“È compito della Repubblica rimuovere gli ostacoli di ordine economico e sociale, che, limitando di fatto la libertà e l’eguaglianza dei cittadini, impediscono il pieno sviluppo della persona umana e l’effettiva partecipazione di tutti i lavoratori all’organizzazione politica, economica e sociale del Paese”. L’articolo tre della Costituzione vale per tutti ma non per i circa quaranta bambini e ragazzi di etnia rom del campo regolare di Chiesa Rossa a Milano, uno dei quattro insediamenti autorizzati rimasti in città e non ancora sgomberati. La loro scuola, l’istituto comprensivo Arcadia si trova a circa 2,5 chilometri da casa ma per arrivarci, a differenza degli altri alunni milanesi non hanno un marciapiede e sono costretti ad attraversare i campi, d’inverno e d’estate. Da dieci anni è così e proprio in quest’ultimi giorni il problema è tornato a galla.

Ad abolire il servizio di scuolabus era stata la giunta di Giuliano Pisapia ma da allora, nonostante le richieste e le manifestazioni davanti a palazzo Marino, gli studenti del campo sono rimasti abbandonati.
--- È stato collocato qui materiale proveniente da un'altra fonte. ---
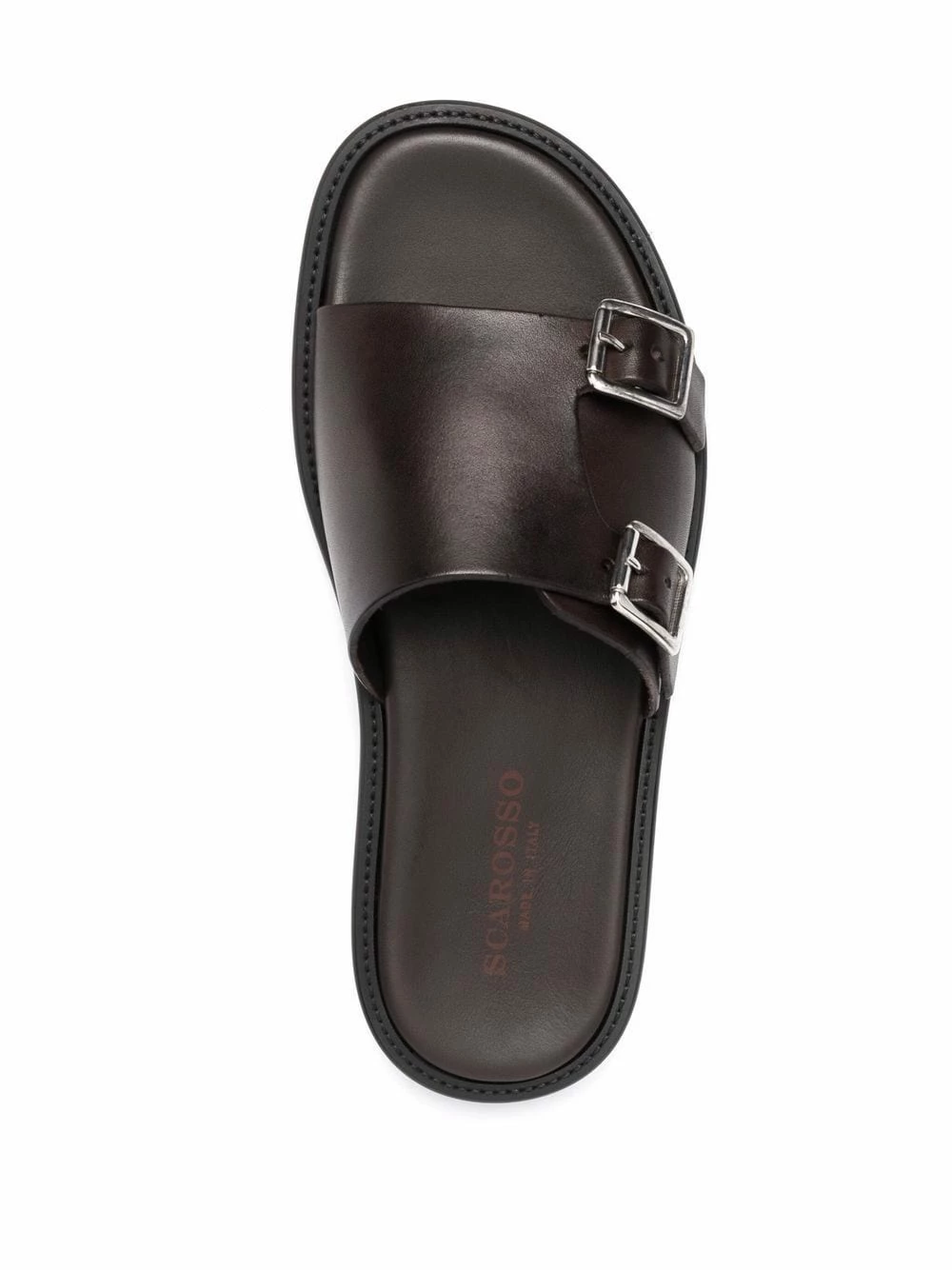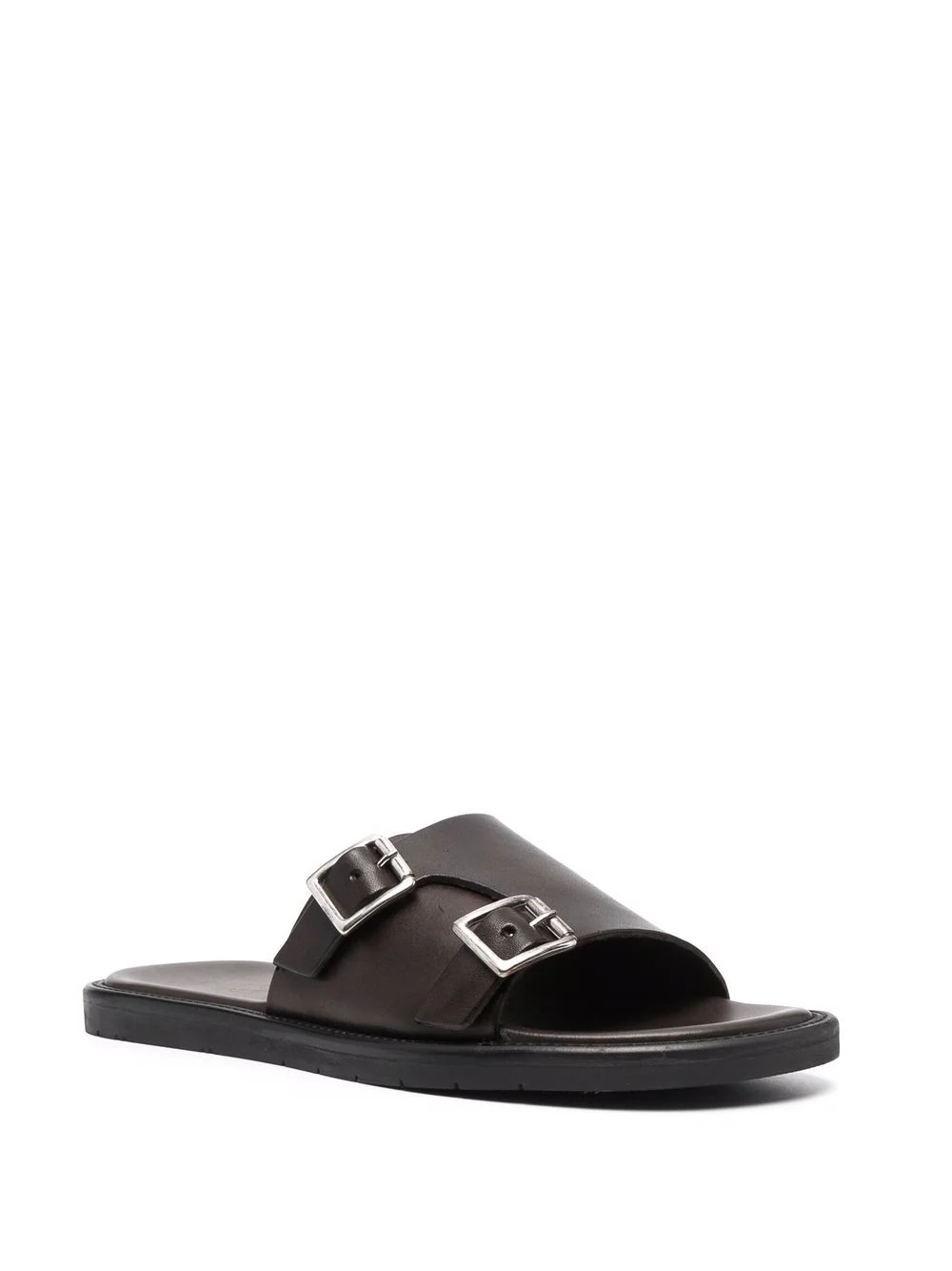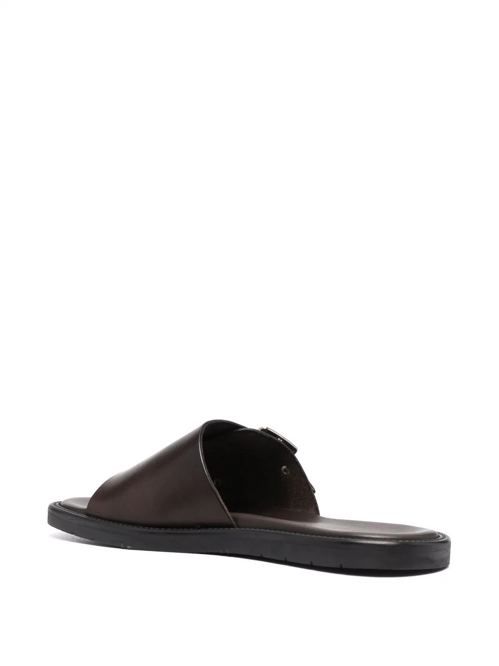Finitions à boucle décorative, ornements argentés, bout ouvert, semelle intérieure griffée, semelle plate en caoutchouc. Matière : cuir de veau.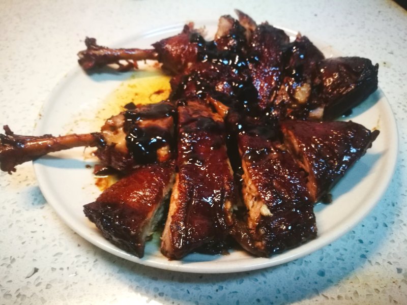 11:收汁提味结束后,汤汁已经基本收尽了,鸭腿外皮也有了一点焦香色。自然放凉后切块码盘开吃!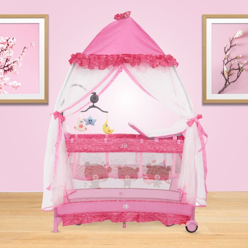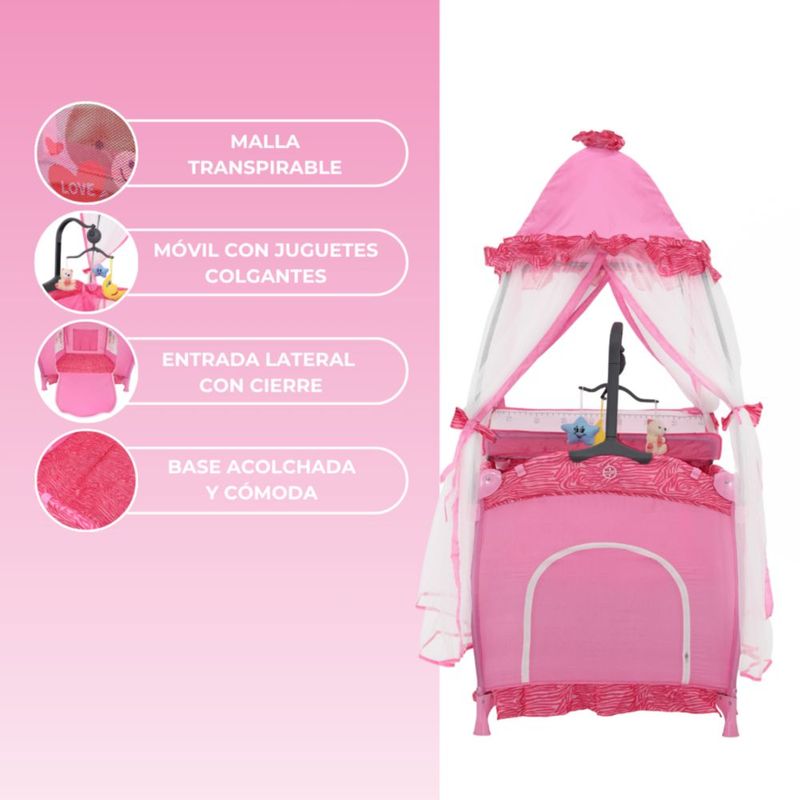 Cuna Corral Bebe Starkids Draco Toldo Movil Juguetes Musical Rosa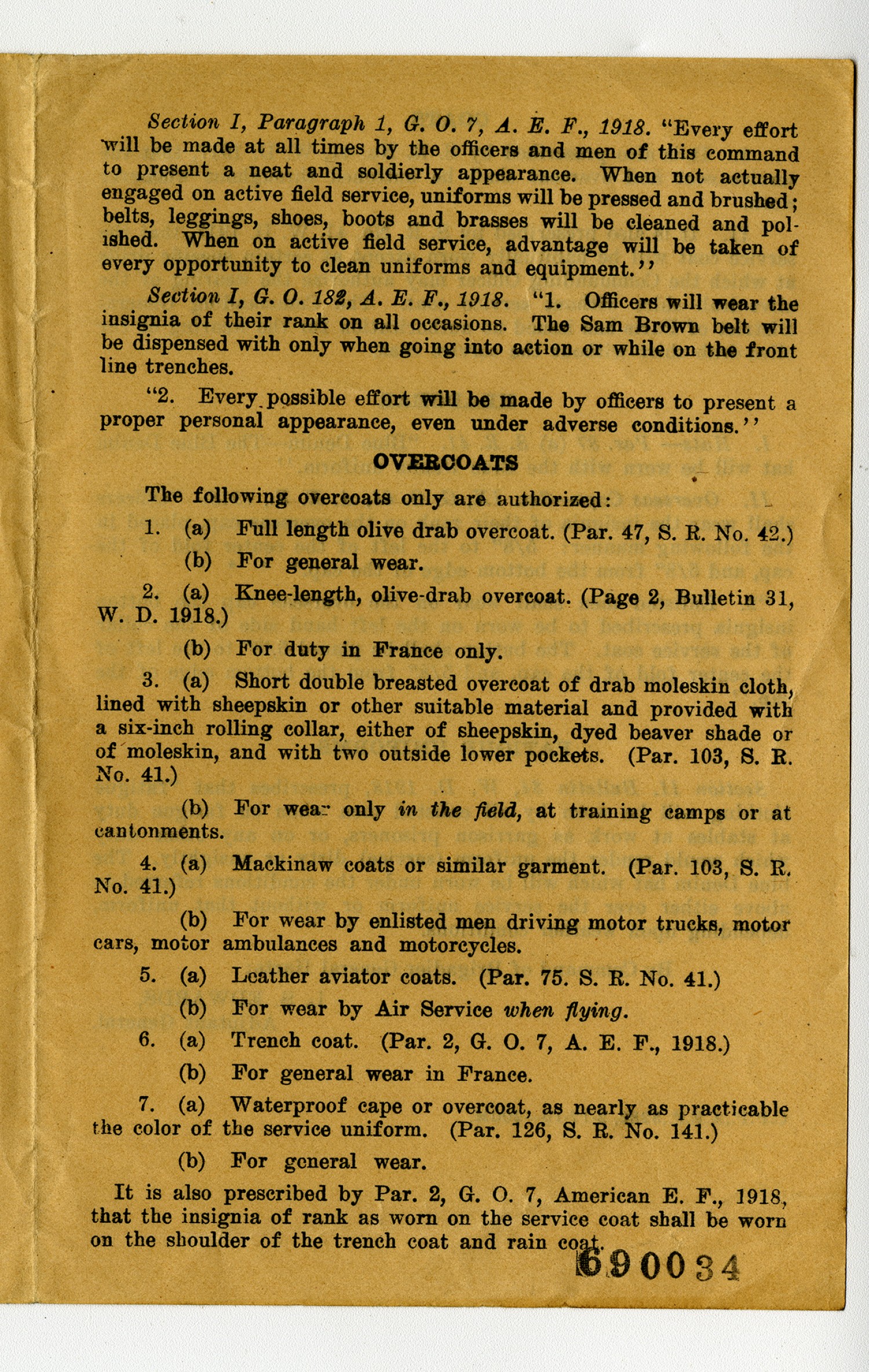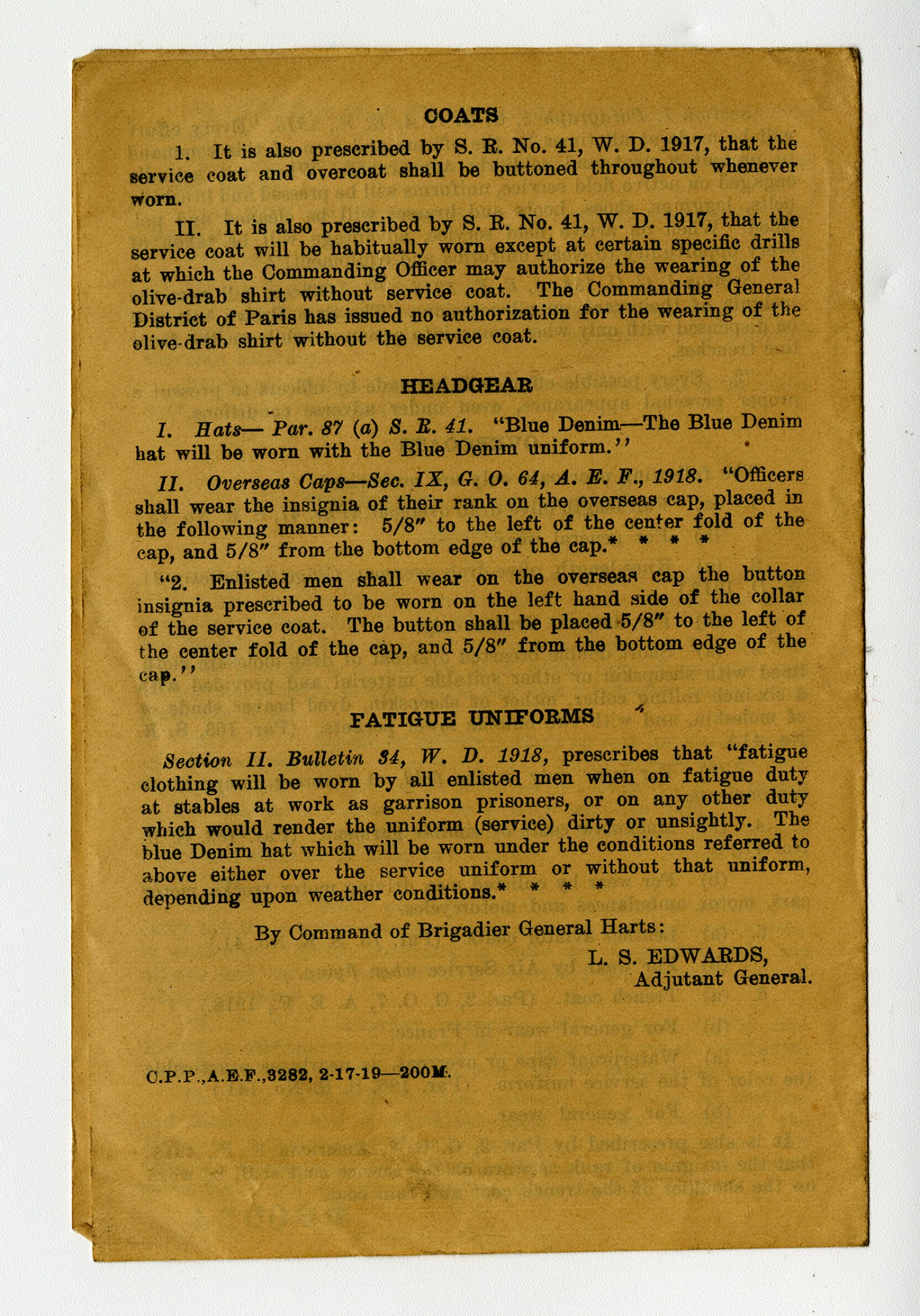Coats 1. It is also prescribed by S.R. No. 41, W.D. 1917, that the service coat and overcoat shall be buttoned throughout whenever worn. II. It is also prescribed by S.R. No. 41, W.D. 1917, that the service coat will be habitually worn except at certain specific drills at which the Commanding Officer may authorize the wearing of the olive-drab shirt without service coat. The Commanding General District of Paris has issued no authorization for the wearing of the olive-drab shirt without the service coat. Headgear I. Hats-Par. 87 (a) S.R. 41.

A raccontare la situazione a ilFattoQuotidiano.it è Dijana Pavlovic, per il Movimento Kethane – Rom e Sinti per l’Italia: “E’ una situazione paradossale che abbiamo documentato anche in un docu-film che presenteremo a breve. Sono stati messi lì dall’allora giunta Albertini e da quel momento il campo è diventato sempre più un vero e proprio villaggio, pulito, ordinato. Sono gli stessi rom a mantenere il campo che dà ospitalità a circa 250 persone ma quei bambini non possono e non devono essere discriminati. Se non si vuole mandare uno scuolabus si aumentino le fermate della linea 79 dell’autobus fino ad arrivare al campo in modo che il servizio pubblico venga utilizzato anche da altri”.

In questi anni, racconta Pavlovic, il Comune ha preferito investire sula vicina scuola dando finanziamenti atti all’integrazione dei rom ma tra le priorità non è stato stabilito il servizio di scuolabus. D’altro canto il dirigente – interpellato – risponde che lui “non è l’assessore alla mobilità”. Il preside Giampaolo Bovio ce la mette tutta per accogliere questi ragazzi: “Abbiamo avviato diversi progetti e corsi anche con la Fondazione dei padri Comaschi; abbiamo cercato di occuparci del problema dell’evasione scolastica; abbiamo avviato delle ore di recupero. Ogni anno quando stilo la relazione annuale al Comune rispetto ai fondi (tra i 20 e 30mila euro) che mi sono assegnati metto in rilievo questa criticità di come devono arrivare a scuola questi ragazzi ma più di così non posso fare. Non ho la pertinenza per occuparmi di mezzi pubblici”. Sentito l’assessore alla Sicurezza, Marco Granelli, di fronte alla contestazione di aver tolto il servizio dieci anni fa rimanda il problema sull’ufficio mobilità che, nonostante, però non è stato in grado di fornire spiegazioni.